Copy the following data exactly and drop the pictures.
=====
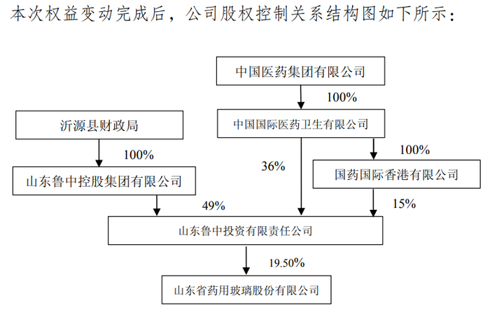 若本次权益变动顺利推进并实施完成,山东药玻间接控股股东将由鲁中控股变更为国药国际,实际控制人将由沂源县财政局变更为中国医药集团有限公司(下称“国药集团”)。
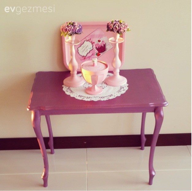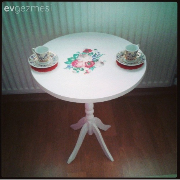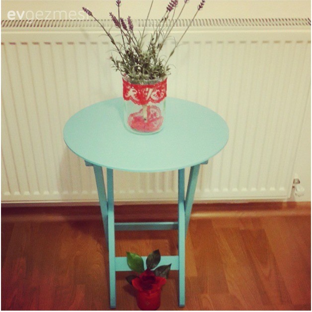 çok hoş olmuş, hep aynı sehpayı mı boyadınız leyla hanım? üzerine boyayınca tutuyor mu
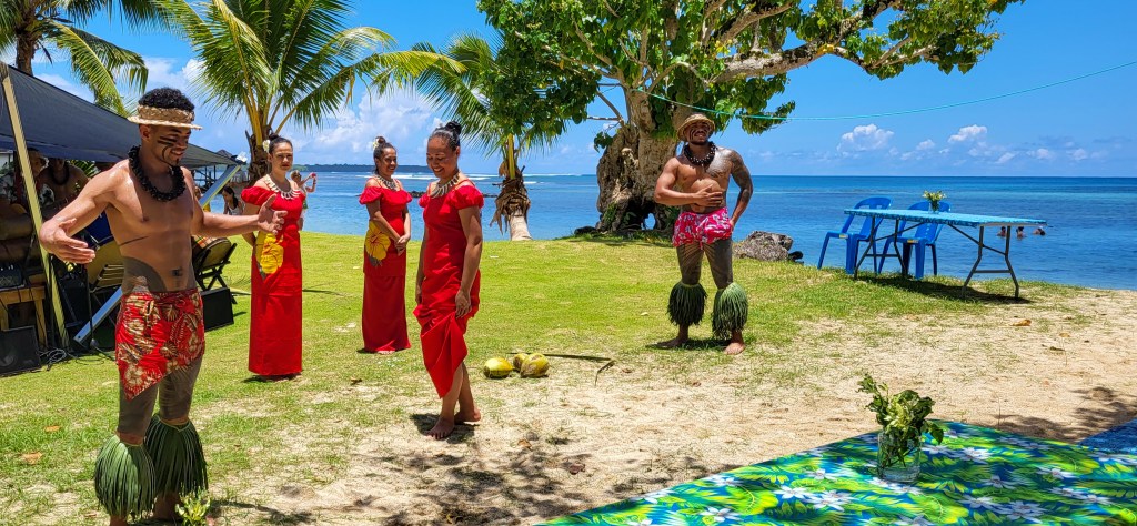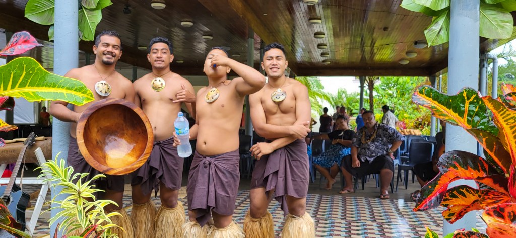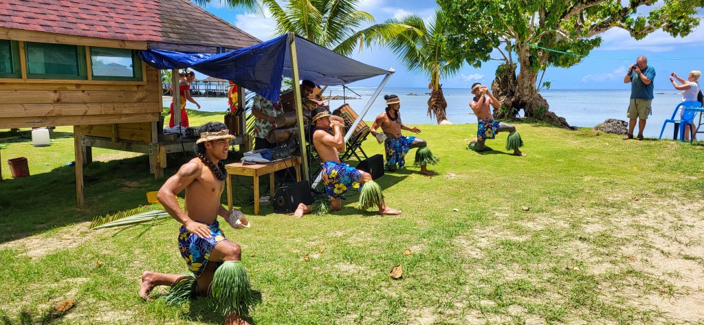 Nous arrivons dans un petit village, où nous allons avoir un peu de temps, pour se baigner (pour certains), déjeuner de mets locaux, profiter de quelques danses et chants, admirer la dextérité de nos hôtes lors de démonstrations de tressage de feuilles de palmiers pour constituer des plats, ou de cueillette de noix de coco.
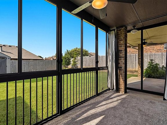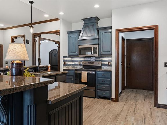 Looking for a home in Choctaw school district that shows beautiful craftsmanship? Then you have found your home. As you walk up to the front door you will notice a brick arch to a covered porch and an arched front door. The entryway and dining area are good sized and have beautiful wood like tile that defines those two spaces. The gas fireplace has a beautiful wood mantle and surround that is built up and has a tile inset. The large living area opens into the kitchen with a curved bar area with granite. The kitchen is stunning with its blue cabinets, updated tile backsplash & granite counter tops. The refrigerator stays and it is stainless steel. The sellers ordered a special magnetic cover that is on it but it can be removed. Large walk in pantry just behind the stove in the hallway across from the laundry room. The 2 bedrooms are nice size with double door closets. The hall bathroom has tile shower/tub combo and the bathroom has plenty of storage with extra cabinets. This plan is a mother-in law pan (primary suite is separate) the primary suite is oversized and cozy feel, the bathroom has a large walk-in tile shower plenty of cabinets and double sinks, this brings us to the wonderful & spacious walk-in closet, with hanging space and shelves everywhere. The back covered patio is perfect for watching the games (tv mount stays) or hanging out with friends. In 2023 the sellers had half of it screened in and it is an extended living space on cool nights. The shed stays in the backyard and is like new. Worry free with the roof just 2 years old. Close to Tinker and Choctaw located in the wonderful Windmill Farms neighborhood.
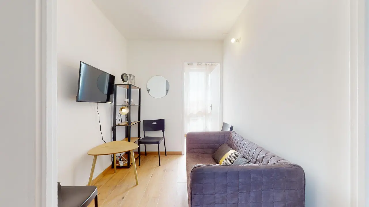 Le salon est meublé d’un petit canapé ainsi que d’une TV murale, une table basse et un meuble étagère.
=====
• [TASK OUTPUT]
 若本次权益变动顺利推进并实施完成,山东药玻间接控股股东将由鲁中控股变更为国药国际,实际控制人将由沂源县财政局变更为中国医药集团有限公司(下称“国药集团”)。
 çok hoş olmuş, hep aynı sehpayı mı boyadınız leyla hanım? üzerine boyayınca tutuyor mu
 Nous arrivons dans un petit village, où nous allons avoir un peu de temps, pour se baigner (pour certains), déjeuner de mets locaux, profiter de quelques danses et chants, admirer la dextérité de nos hôtes lors de démonstrations de tressage de feuilles de palmiers pour constituer des plats, ou de cueillette de noix de coco.
 Looking for a home in Choctaw school district that shows beautiful craftsmanship? Then you have found your home. As you walk up to the front door you will notice a brick arch to a covered porch and an arched front door. The entryway and dining area are good sized and have beautiful wood like tile that defines those two spaces. The gas fireplace has a beautiful wood mantle and surround that is built up and has a tile inset. The large living area opens into the kitchen with a curved bar area with granite. The kitchen is stunning with its blue cabinets, updated tile backsplash & granite counter tops. The refrigerator stays and it is stainless steel. The sellers ordered a special magnetic cover that is on it but it can be removed. Large walk in pantry just behind the stove in the hallway across from the laundry room. The 2 bedrooms are nice size with double door closets. The hall bathroom has tile shower/tub combo and the bathroom has plenty of storage with extra cabinets. This plan is a mother-in law pan (primary suite is separate) the primary suite is oversized and cozy feel, the bathroom has a large walk-in tile shower plenty of cabinets and double sinks, this brings us to the wonderful & spacious walk-in closet, with hanging space and shelves everywhere. The back covered patio is perfect for watching the games (tv mount stays) or hanging out with friends. In 2023 the sellers had half of it screened in and it is an extended living space on cool nights. The shed stays in the backyard and is like new. Worry free with the roof just 2 years old. Close to Tinker and Choctaw located in the wonderful Windmill Farms neighborhood.
 Le salon est meublé d’un petit canapé ainsi que d’une TV murale, une table basse et un meuble étagère.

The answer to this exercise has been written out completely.